Dear all, despite reading on forums and others, I am still confused about how to properly set my design matrix for the following RNA-seq experiment. As a matter of fact, the more I read the less I know what strategy to go for, and whether my ideas are even correct.
There are:
- 3 different tissues: leaves, callus, cell suspension
- 2 different treatments: MJ and YE, each has its own mock: EtOH or water, respectively
- 2 timepoints: 12, 24h
What it looks like:
# full view
> as.data.frame(sample_info)
tissues mock treat t
1 lf H2O YE 12
2 lf H2O YE 24
3 lf H2O ctrl 12
4 lf H2O ctrl 24
5 cal H2O YE 12
6 cal H2O YE 24
7 cal H2O ctrl 12
8 cal H2O ctrl 24
9 sus H2O YE 12
10 sus H2O YE 24
11 sus H2O ctrl 12
12 sus H2O ctrl 24
13 lf EtOH MJ 12
14 lf EtOH MJ 24
15 lf EtOH ctrl 12
16 lf EtOH ctrl 24
17 cal EtOH MJ 12
18 cal EtOH MJ 24
19 cal EtOH ctrl 12
20 cal EtOH ctrl 24
21 sus EtOH MJ 12
22 sus EtOH MJ 24
23 sus EtOH ctrl 12
24 sus EtOH ctrl 24
# setting-up reference levels
> sample_info %<>% mutate('tissues'=factor(tissues, levels=c('lf', 'cal', 'sus')),
'mock'=factor(mock, levels=c('H2O', 'EtOH')),
'treat'=factor(treat, levels=c('ctrl', 'MJ', 'YE')),
't'=factor(as.character(t), levels=c('12', '24')))

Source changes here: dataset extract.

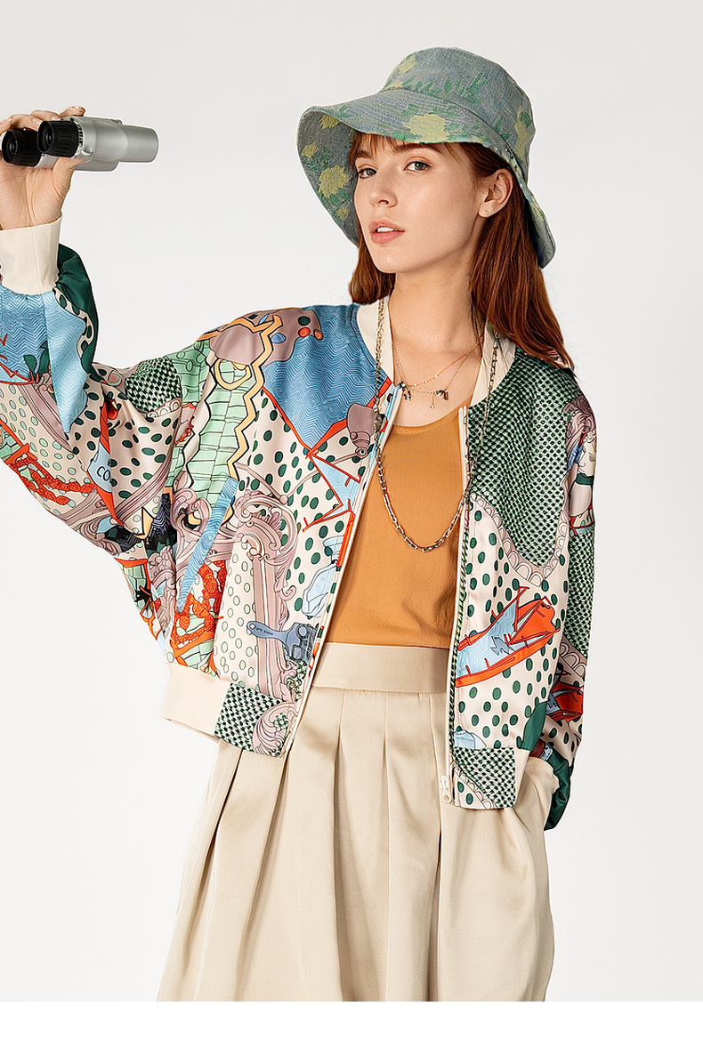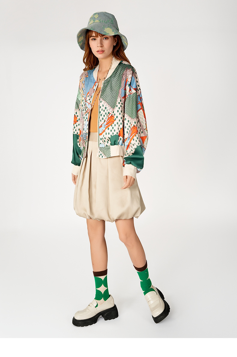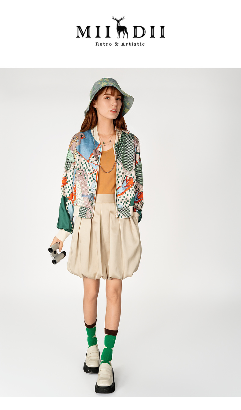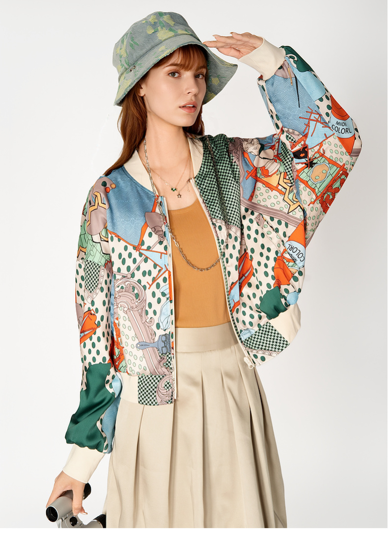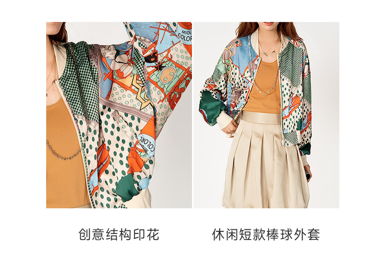 谜底花色短款外套女2025春季新品复古风印花棒球服长袖251MW5005

So far I imagined setting up the model as:
# design matrix
> design_matrix <- model.matrix(~ 0 + tissues + mock + treat + t, data=sample_info)
# cleaning up
> rownames(design_matrix) <- sample_info %>% unite('sample', everything(), sep='_') %>% pull(sample)
> colnames(design_matrix) %<>% str_remove('tissues')
# full view
> design_matrix
lf cal sus mockEtOH treatMJ treatYE t24
lf_H2O_YE_12 1 0 0 0 0 1 0
lf_H2O_YE_24 1 0 0 0 0 1 1
lf_H2O_ctrl_12 1 0 0 0 0 0 0
lf_H2O_ctrl_24 1 0 0 0 0 0 1
cal_H2O_YE_12 0 1 0 0 0 1 0
cal_H2O_YE_24 0 1 0 0 0 1 1
cal_H2O_ctrl_12 0 1 0 0 0 0 0
cal_H2O_ctrl_24 0 1 0 0 0 0 1
sus_H2O_YE_12 0 0 1 0 0 1 0
sus_H2O_YE_24 0 0 1 0 0 1 1
sus_H2O_ctrl_12 0 0 1 0 0 0 0
sus_H2O_ctrl_24 0 0 1 0 0 0 1
lf_EtOH_MJ_12 1 0 0 1 1 0 0
lf_EtOH_MJ_24 1 0 0 1 1 0 1
lf_EtOH_ctrl_12 1 0 0 1 0 0 0
lf_EtOH_ctrl_24 1 0 0 1 0 0 1
cal_EtOH_MJ_12 0 1 0 1 1 0 0
cal_EtOH_MJ_24 0 1 0 1 1 0 1
cal_EtOH_ctrl_12 0 1 0 1 0 0 0
cal_EtOH_ctrl_24 0 1 0 1 0 0 1
sus_EtOH_MJ_12 0 0 1 1 1 0 0
sus_EtOH_MJ_24 0 0 1 1 1 0 1
sus_EtOH_ctrl_12 0 0 1 1 0 0 0
sus_EtOH_ctrl_24 0 0 1 1 0 0 1
In terms of overall differences, I naturally want to investigate:
- overall difference between tissues
- overall difference between mocks
- overall difference between treatments
Is the current model correctly set or should treatments and mocks be grouped? To my understanding, YE is nested in H2O, and MJ nested in EtOH, but not the controls, so I am unsure what's best to do here.
With regards to interactions, I am mostly interested in the difference of response to treatments (MJ & YE) between tissues. Should I set up interactions directly in the model.matrix()
call by adding + treatment:tissue
(I believe), or via a contrast?
To make things more fun, I don't have any replicate because of the COVID situation. Nevertheless, I am thinking of considering 12 & 24h as replicates since I barely see any separation of timepoints in PCA. I know it is far from optimal, but how would the design evolve in that case?
Many thanks for your help in advance!